A technique for detecting the camera arrangement and the shape of a stationary object from multiple still images from the same camera is called SLAM (Simultaneous Localization and Mapping), and various methods have been studied. Many methods extract feature points that are robust and easy to match by image processing, and restore three-dimensional information from the image positions of the corresponding feature points. Here, the three-dimensional shape itself is rotated without performing any such image processing. The RRR is the rotation matrix and TTT is the movement vector, and the optimal value of this rotation matrix and movement vector is searched. The rotation movement of the three-dimensional shape is performed as in

``````void trans(int w, int h, int d, int &rw, int &rh, int &rd) {
double x = -focal*half_base/d;
double y =  w*half_base/d;
double z = -h*half_base/d;
rot_and_mv(RRR, TTT, x, y, z);
double D = -focal*half_base/x;
double W =  y*D/half_base;
double H = -z*D/half_base;
rw = (int)(W+0.5);
rh = (int)(H+0.5);
rd = (int)(D+0.5);
}``````
. Here, rot_and_mv (RRR, TTT, x, y, z) is a function that overwrites (x, y, z) with the result of rotating the vector (x, y, z). (w, h) represents the position of gaze_line, and d is the depth of that position. focal is the focal length in pixels, and half_base is half the distance between cameras. The last three lines are rounded off. As you can see from this code, the representation of 3D space is also a gaze_line-depth model. At first, I thought about Point Cloud, but it stopped because it was a heavy load to judge whether the points were close. The evaluation of whether or not they are overlapped uses the degree of coincidence of the RGB values representing the brightness and color where the three-dimensional position matches in the gaze_line-depth space. In addition, we search for the optimum value in units of rotation angle 0.001 degrees and travel 1mm. The search is performed by the method of searching for the minimum value while changing the parameters in order, which was also used in the parallel processing of the camera.

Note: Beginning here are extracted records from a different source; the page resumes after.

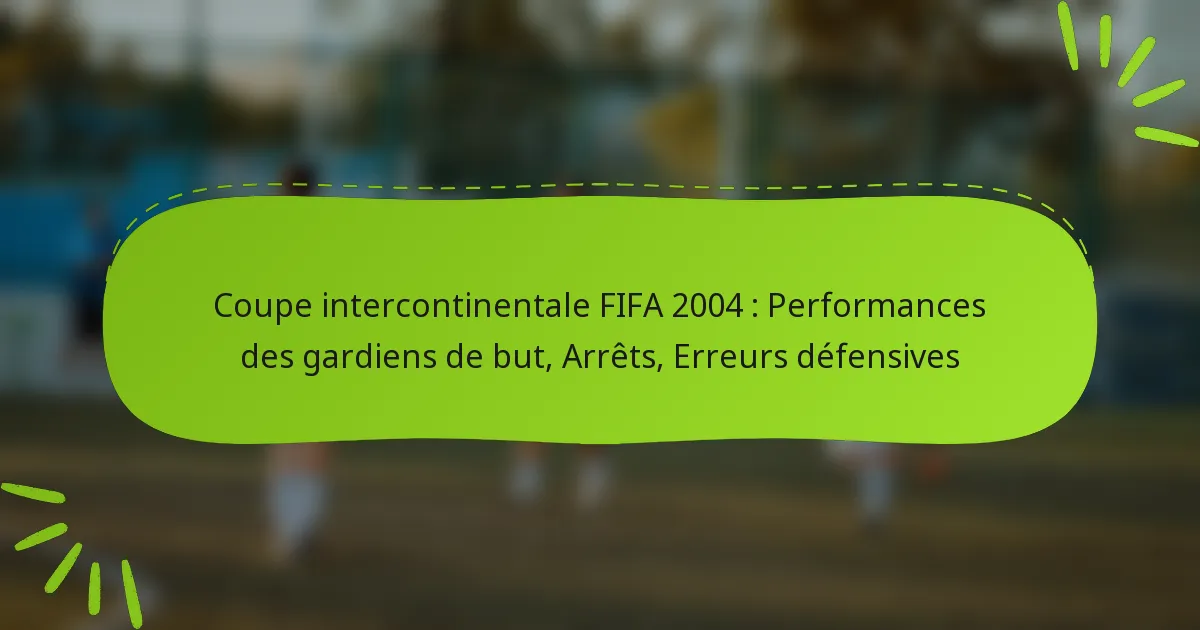 La Coupe intercontinentale de la FIFA 2004 a mis en lumière le rôle crucial des gardiens de but à travers des performances exceptionnelles qui ont façonné les résultats du tournoi. Des arrêts clés ont non seulement préservé des avantages, mais ont également modifié l’élan, tandis que des erreurs défensives ont créé des opportunités critiques pour les adversaires, influençant finalement la dynamique et les résultats des matchs.
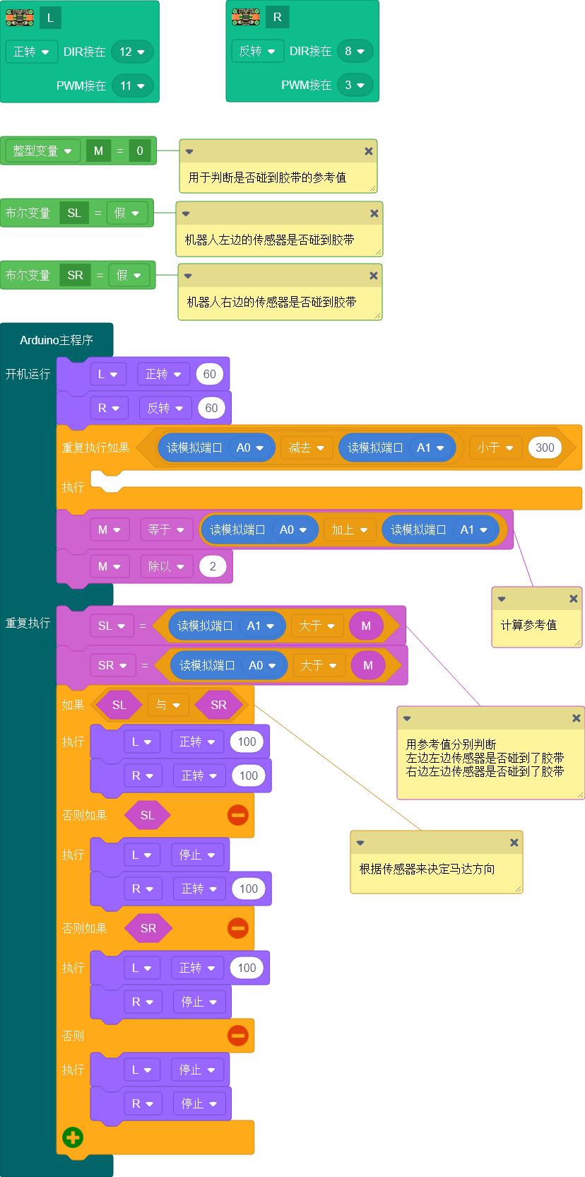 4. 分别读取两个传感器的值,各自判断它们是否大于中间数M(因为胶带的数值比较大,大于中间数代表比较像胶带),并将结果保存到变量SL = analogRead(A1) > MSR = analogRead(A0) > M;
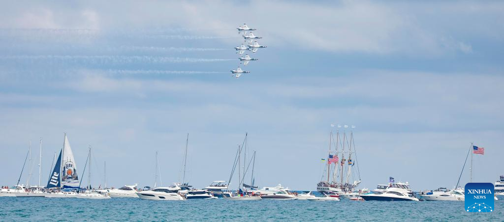 The U.S. Air Force Air Demonstration Squadron, known as the "Thunderbirds," performs during the 2025 Chicago Air and Water Show in Chicago, the United States, Aug. 17, 2025. (Photo by Joel Lerner/Xinhua)
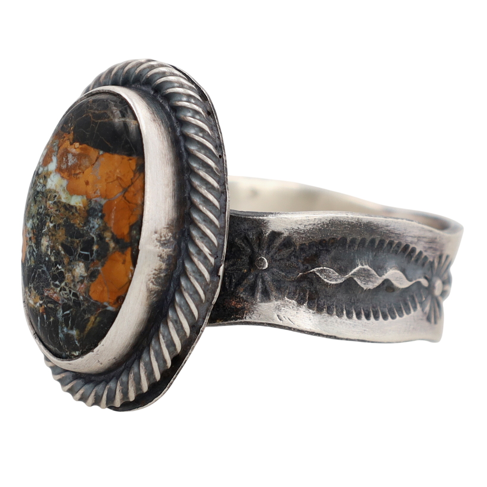 Bennie Ramone Navajo Sterling Bumblebee Jasper Adjustable Ring Sz. 9.5, 10g
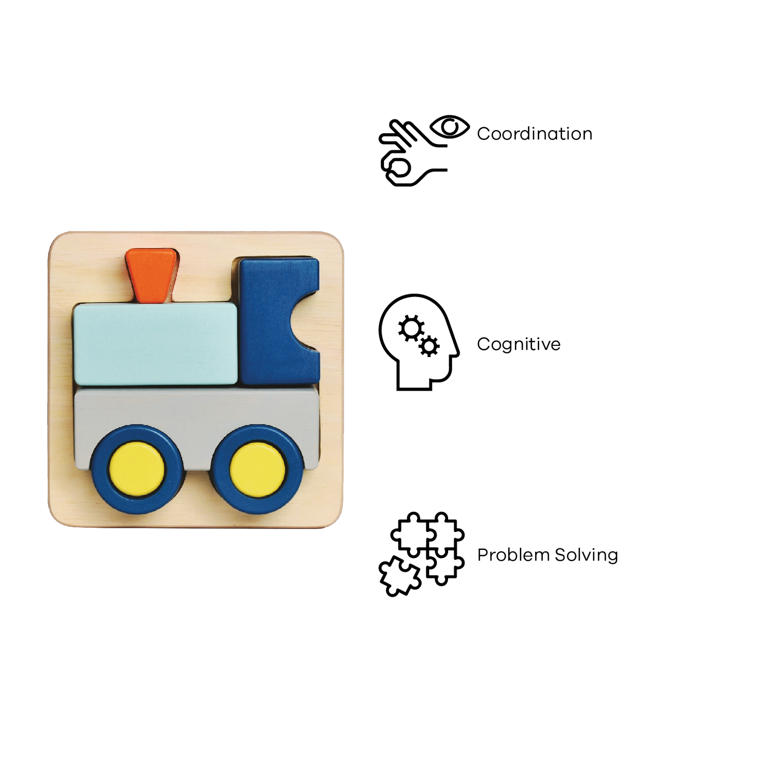 This Train Tray Puzzle contains large block pieces that are great for early child's eye-hand development. Putting the pieces back onto the tray to discover a train or use those pieces as building blocks to create other imaginative figures.
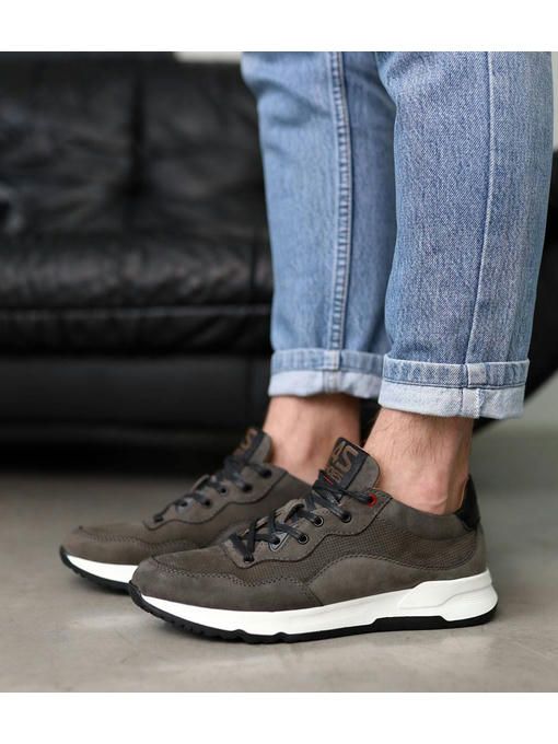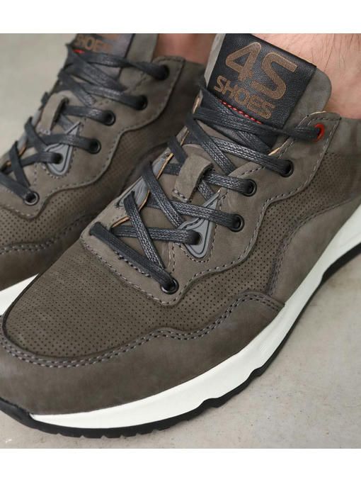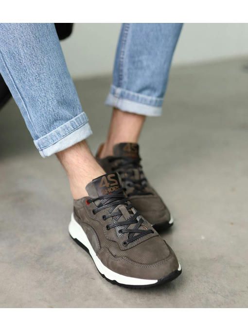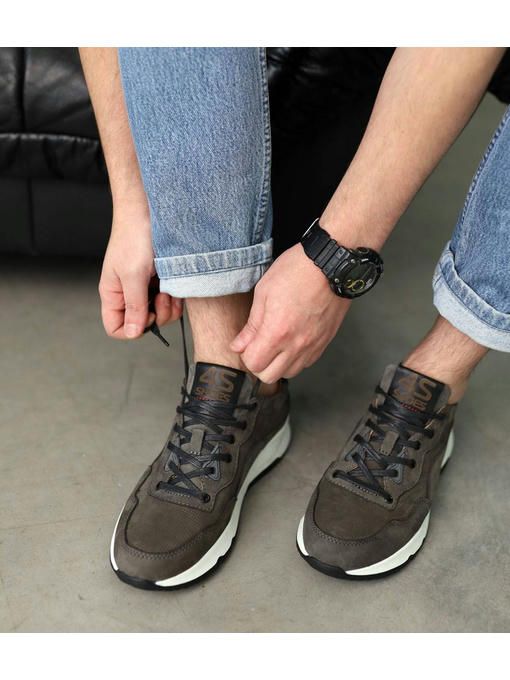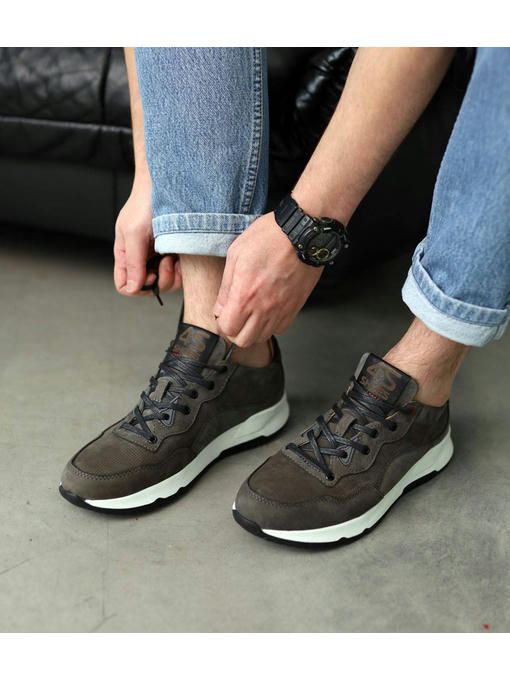 Мужские кроссовки в темно-сером коричневом цвете, выполнены из нубука. Внутренняя подкладка кожаная, стелька – кожаная, просиликоненная. Стильная износостойкая подошва – EVA. Кроссовки легкие, вес полупарка – 280 гр. Максимально комфортная и универсальная пара, которая отлично подойдет к каждому образу.

### Correction using 3D information of previous frame

There are two problems with the stereo vision of the gaze_line-depth model. One is that the result is strange at the front discontinuity, and the other is that the 3D information of the back is given priority when the distance between the cameras is large. First look at

. This is a view of the three-dimensional information of frame 1 from various angles, but you can see that the stone pavement between the tracks is depressed. This is thought to occur because there is no previous information. If the frame 0 is rotated and overlapped with the frame 1, if the car is moving forward, it contains more information on the front. If this information is used, there will be no dent like . This method cannot be used when the car is in the back. This indicates that the forward and backward movement of the car is not symmetrical with respect to the acquisition of 3D information. that's strange.